=== INFORMATION GIVEN ===
--*--

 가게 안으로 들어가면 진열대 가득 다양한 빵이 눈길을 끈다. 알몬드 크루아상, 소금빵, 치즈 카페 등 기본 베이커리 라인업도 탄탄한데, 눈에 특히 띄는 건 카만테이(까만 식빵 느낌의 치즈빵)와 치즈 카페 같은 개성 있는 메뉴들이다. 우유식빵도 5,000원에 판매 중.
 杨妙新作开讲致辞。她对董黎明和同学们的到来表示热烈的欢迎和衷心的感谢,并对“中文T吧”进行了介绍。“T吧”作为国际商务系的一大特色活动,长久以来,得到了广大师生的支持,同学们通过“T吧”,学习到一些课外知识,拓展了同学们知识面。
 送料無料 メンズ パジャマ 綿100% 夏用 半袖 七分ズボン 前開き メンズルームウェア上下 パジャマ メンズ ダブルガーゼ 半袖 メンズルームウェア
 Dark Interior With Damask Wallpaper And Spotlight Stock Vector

--*--

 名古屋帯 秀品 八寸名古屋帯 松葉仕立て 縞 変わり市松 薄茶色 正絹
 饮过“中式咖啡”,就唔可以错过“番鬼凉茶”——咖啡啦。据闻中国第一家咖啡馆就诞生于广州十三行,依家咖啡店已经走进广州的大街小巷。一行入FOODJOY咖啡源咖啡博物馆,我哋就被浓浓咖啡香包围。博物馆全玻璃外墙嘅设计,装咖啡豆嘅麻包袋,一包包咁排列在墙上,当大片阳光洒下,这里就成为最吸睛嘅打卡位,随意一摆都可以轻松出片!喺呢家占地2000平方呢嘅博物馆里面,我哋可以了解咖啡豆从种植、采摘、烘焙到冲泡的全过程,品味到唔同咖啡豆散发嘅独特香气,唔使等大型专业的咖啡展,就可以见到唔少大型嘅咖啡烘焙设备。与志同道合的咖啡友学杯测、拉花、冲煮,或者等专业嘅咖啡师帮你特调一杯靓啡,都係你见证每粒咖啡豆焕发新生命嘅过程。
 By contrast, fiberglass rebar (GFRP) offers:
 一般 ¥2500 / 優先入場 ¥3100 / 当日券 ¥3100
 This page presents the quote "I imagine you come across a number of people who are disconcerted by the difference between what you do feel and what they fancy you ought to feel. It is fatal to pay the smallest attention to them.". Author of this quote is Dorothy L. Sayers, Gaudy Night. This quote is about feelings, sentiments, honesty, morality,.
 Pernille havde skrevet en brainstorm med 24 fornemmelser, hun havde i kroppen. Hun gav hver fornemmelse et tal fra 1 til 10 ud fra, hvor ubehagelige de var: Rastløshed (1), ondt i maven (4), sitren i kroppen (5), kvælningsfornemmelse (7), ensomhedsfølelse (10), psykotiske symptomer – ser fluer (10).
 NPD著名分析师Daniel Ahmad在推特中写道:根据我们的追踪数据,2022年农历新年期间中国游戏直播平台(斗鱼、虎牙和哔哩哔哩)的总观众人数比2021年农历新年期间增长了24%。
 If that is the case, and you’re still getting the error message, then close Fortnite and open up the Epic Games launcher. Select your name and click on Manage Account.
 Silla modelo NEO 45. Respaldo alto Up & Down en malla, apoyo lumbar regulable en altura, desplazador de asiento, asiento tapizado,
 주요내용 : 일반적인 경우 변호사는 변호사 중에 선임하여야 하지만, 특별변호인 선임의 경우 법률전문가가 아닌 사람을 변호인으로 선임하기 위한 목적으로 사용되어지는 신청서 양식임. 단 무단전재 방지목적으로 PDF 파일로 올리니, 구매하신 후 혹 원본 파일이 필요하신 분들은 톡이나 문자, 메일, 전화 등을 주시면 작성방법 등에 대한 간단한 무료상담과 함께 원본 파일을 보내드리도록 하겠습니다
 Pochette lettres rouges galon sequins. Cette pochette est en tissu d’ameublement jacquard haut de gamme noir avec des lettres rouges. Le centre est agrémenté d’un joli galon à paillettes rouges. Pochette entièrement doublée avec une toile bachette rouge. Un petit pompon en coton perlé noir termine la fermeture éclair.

--*--

=== EXERCISE DIRECTIONS ===
Output the lines of the records above exactly as they appear, from the line containing "By contrast, fiberglass" through the line containing "Pochette lettres rouges".

=== SOLUTION TO THIS PROBLEM ===
 By contrast, fiberglass rebar (GFRP) offers:
 一般 ¥2500 / 優先入場 ¥3100 / 当日券 ¥3100
 This page presents the quote "I imagine you come across a number of people who are disconcerted by the difference between what you do feel and what they fancy you ought to feel. It is fatal to pay the smallest attention to them.". Author of this quote is Dorothy L. Sayers, Gaudy Night. This quote is about feelings, sentiments, honesty, morality,.
 Pernille havde skrevet en brainstorm med 24 fornemmelser, hun havde i kroppen. Hun gav hver fornemmelse et tal fra 1 til 10 ud fra, hvor ubehagelige de var: Rastløshed (1), ondt i maven (4), sitren i kroppen (5), kvælningsfornemmelse (7), ensomhedsfølelse (10), psykotiske symptomer – ser fluer (10).
 NPD著名分析师Daniel Ahmad在推特中写道:根据我们的追踪数据,2022年农历新年期间中国游戏直播平台(斗鱼、虎牙和哔哩哔哩)的总观众人数比2021年农历新年期间增长了24%。
 If that is the case, and you’re still getting the error message, then close Fortnite and open up the Epic Games launcher. Select your name and click on Manage Account.
 Silla modelo NEO 45. Respaldo alto Up & Down en malla, apoyo lumbar regulable en altura, desplazador de asiento, asiento tapizado,
 주요내용 : 일반적인 경우 변호사는 변호사 중에 선임하여야 하지만, 특별변호인 선임의 경우 법률전문가가 아닌 사람을 변호인으로 선임하기 위한 목적으로 사용되어지는 신청서 양식임. 단 무단전재 방지목적으로 PDF 파일로 올리니, 구매하신 후 혹 원본 파일이 필요하신 분들은 톡이나 문자, 메일, 전화 등을 주시면 작성방법 등에 대한 간단한 무료상담과 함께 원본 파일을 보내드리도록 하겠습니다
 Pochette lettres rouges galon sequins. Cette pochette est en tissu d’ameublement jacquard haut de gamme noir avec des lettres rouges. Le centre est agrémenté d’un joli galon à paillettes rouges. Pochette entièrement doublée avec une toile bachette rouge. Un petit pompon en coton perlé noir termine la fermeture éclair.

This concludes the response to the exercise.